In this way, the diffusion model is not only controlled by the text encoder but also by the artistic preparatory work that has gone into the input image.
In addition, it should be mentioned that the diffusion models used all work locally on the artists‘ workstations. No cloud-based algorithms like “Dalle” or Mid Journey are used. Only local use on one’s hardware and custom scripts enables this form of granular control.
For the creation of text embeddings, on the other hand, we have developed parametric prompts, that is, the interplay of random prompt modules, which always form a unique combination. These prompts are conceived through a collaborative process that also involves large language models. In the case of “Gradient Descent”, it also includes an extensive list of exotic animal species that partly merge with each other, as well as cosmic cataclysmic events. Before the final list of modules is found, numerous experimentation processes are needed to discuss the interaction of the prompt modules and find a combination that creates a coherent continuity.
With each unique prompt, a series of iterations are performed that gradually increase the depth and complexity of the generated visual data. The img2img script is then used, coupled with the upscaled image, to apply these parametric prompts, thus creating a diverse portfolio of images, each representing a unique interpretive transformation of the original artwork.
This investigation further includes a series of iterative attempts, with each “run” of the script encompassing a unique combination of prompts and settings. This systematic procedure results in the production of 30 iterations of high-resolution images, each successive layer contributing to the overall artistic complexity of the piece.

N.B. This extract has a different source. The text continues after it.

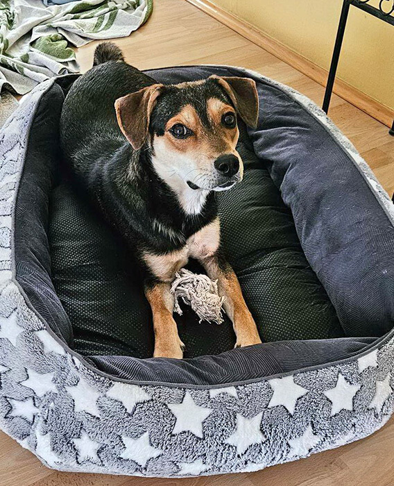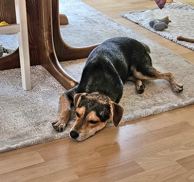 Wir haben ihm sein Bettchen im Wohnzimmer eingerichtet unter den Esstisch, wir müssen ihn so wie sie sagen immer mit sanfter Gewalt unter den Tisch hervorholen.

A crucial component of this methodology is the integration of Control Nets, including depth and normal pass sensing. These Control Nets interpret depth within the 2D digital representation of the original drawing, leading to the creation of interesting overlaps and a perception of depth in the final image. This has now been used for the first time in “Gradient Descent”. In the images from Salzburg in the „Wet Closet“ exhibition, it was so far only a simple Depth Model.
The image resolution is also varied in some of the “runs”, which allows image content clusters of different sizes to be formed. This process also uses tile-based Control Nets or specialized upscale Generative Adversarial Networks (GANs) to edit individual image sections.
Upon completion of the automated components of this process, manual intervention is applied. The thirty ( each of them 270-megapixel ) layers generated by the previous process are compiled into a single Photoshop file. These layers are then manually interwoven, resulting in a comprehensive digital artwork that embodies both machine-generated and „handcrafted elements“.